# What is needed for USB type C support?

## filoo

I have a laptop HP HP ENVY x360 Convertible/81AD, BIOS F.23 12/28/2016 and I would like to have USB C supported (especially charging and display). I bought a Kensington USB-C Universal Dock 60W SD4600P. When connecting I get only all of the standard USB features (HUB, Ethernet, soundcard) - no charging, no external displays detected.

I've built mainline kernel 4.12.14 myself.

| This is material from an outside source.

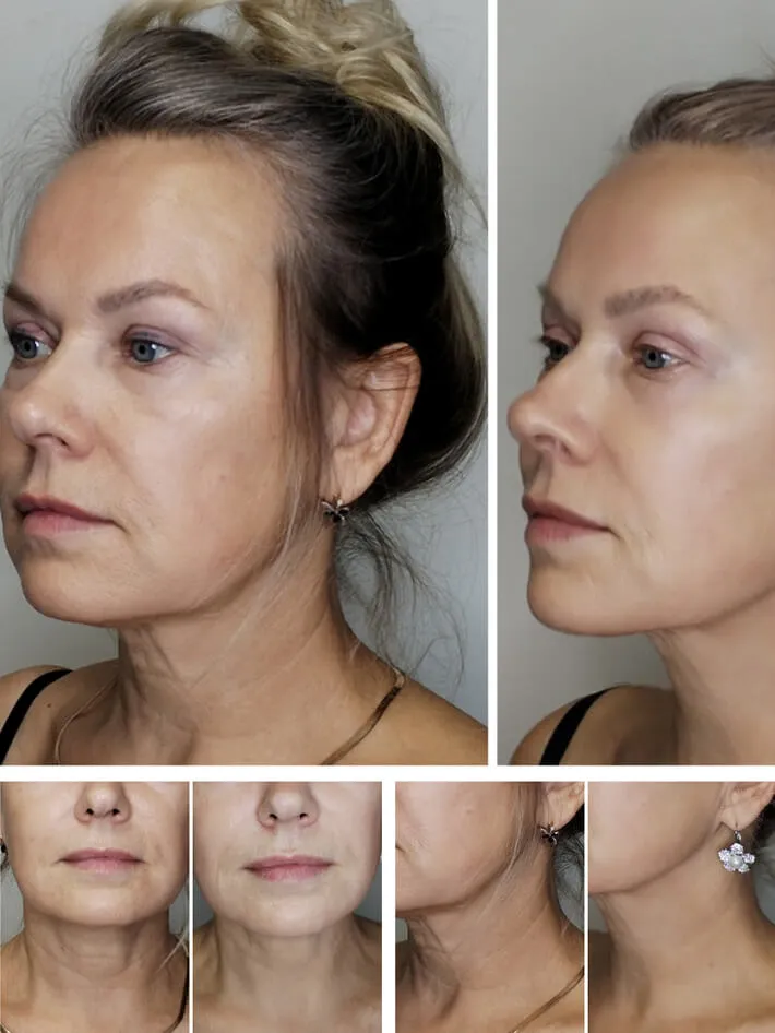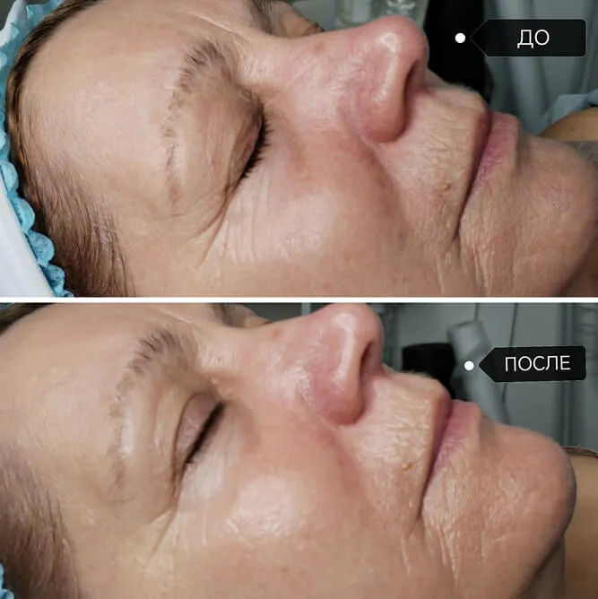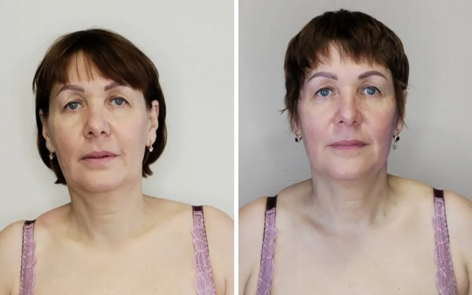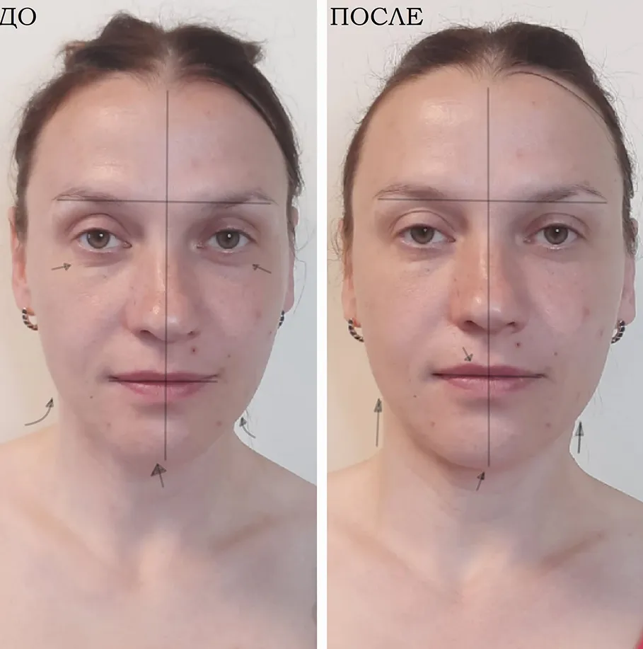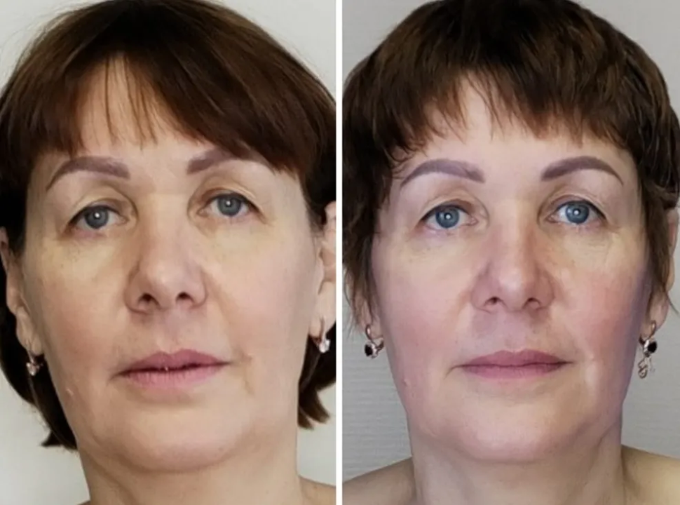 Лицо выглядит более свежим и подтянутым.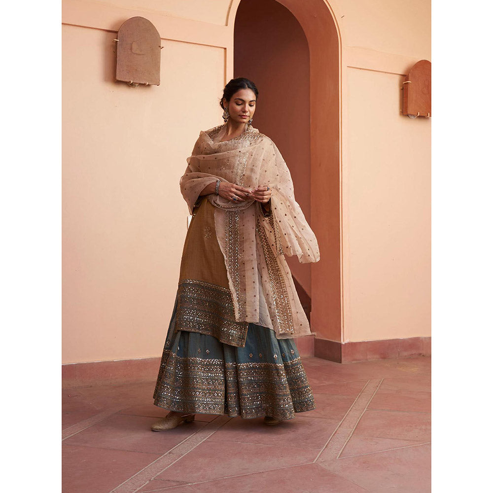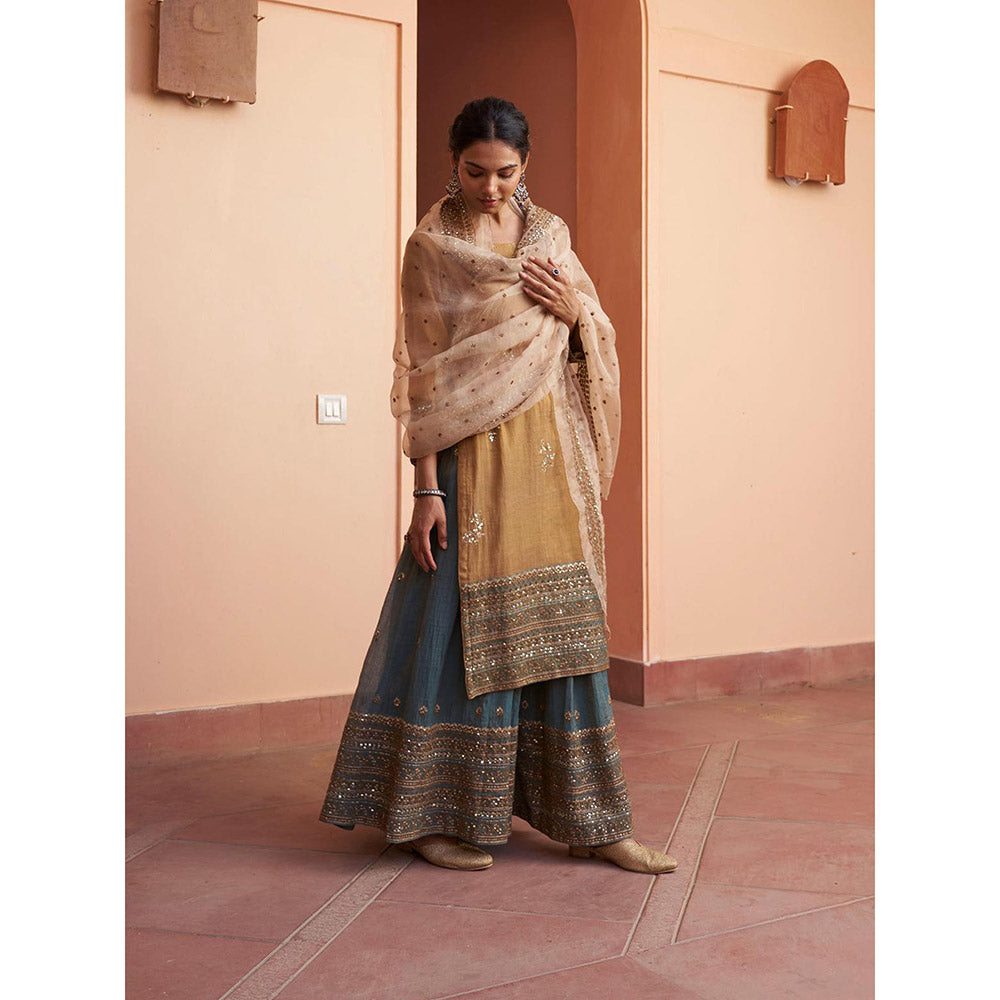 Description : A Tissue Kurta In Golden Dark Beige With Heavy Sequin And Thread Border At The Hem And On The Sleeves Highlighted With Hand Embroidered Bootys. A Sharara In Tissue With A Heavy Embroidered Border At The Hem. A Dupatta In Organza With Thread And Sequin Embroidery On All Four Sides With Tiny Booties All-Over.

Which options am I missing (or is USB C fully supported as of today)?

Thank you

lspci:

```

00:00.0 Host bridge: Intel Corporation Device 5904 (rev 02)

00:02.0 VGA compatible controller: Intel Corporation Device 5916 (rev 02)

00:04.0 Signal processing controller: Intel Corporation Skylake Processor Thermal Subsystem (rev 02)

00:13.0 Non-VGA unclassified device: Intel Corporation Device 9d35 (rev 21)

00:14.0 USB controller: Intel Corporation Sunrise Point-LP USB 3.0 xHCI Controller (rev 21)

00:14.2 Signal processing controller: Intel Corporation Sunrise Point-LP Thermal subsystem (rev 21)

00:15.0 Signal processing controller: Intel Corporation Sunrise Point-LP Serial IO I2C Controller #0 (rev 21)

00:15.1 Signal processing controller: Intel Corporation Sunrise Point-LP Serial IO I2C Controller #1 (rev 21)

00:16.0 Communication controller: Intel Corporation Sunrise Point-LP CSME HECI #1 (rev 21)

00:17.0 SATA controller: Intel Corporation Sunrise Point-LP SATA Controller [AHCI mode] (rev 21)

00:1c.0 PCI bridge: Intel Corporation Device 9d13 (rev f1)

00:1c.4 PCI bridge: Intel Corporation Sunrise Point-LP PCI Express Root Port #5 (rev f1)

00:1d.0 PCI bridge: Intel Corporation Sunrise Point-LP PCI Express Root Port #9 (rev f1)

00:1f.0 ISA bridge: Intel Corporation Device 9d58 (rev 21)

00:1f.2 Memory controller: Intel Corporation Sunrise Point-LP PMC (rev 21)

00:1f.3 Audio device: Intel Corporation Device 9d71 (rev 21)

00:1f.4 SMBus: Intel Corporation Sunrise Point-LP SMBus (rev 21)

01:00.0 Network controller: Intel Corporation Wireless 7265 (rev 61)

02:00.0 Non-Volatile memory controller: Samsung Electronics Co Ltd NVMe SSD Controller SM961/PM961

03:00.0 Unassigned class [ff00]: Realtek Semiconductor Co., Ltd. RTS522A PCI Express Card Reader (rev 01)

```

kernel config https://pastebin.com/7Hn27bDT

----------

## fedeliallalinea

See here

----------

## filoo

This helped a little. I have added PCI hotplugging and all possible Intel drivers.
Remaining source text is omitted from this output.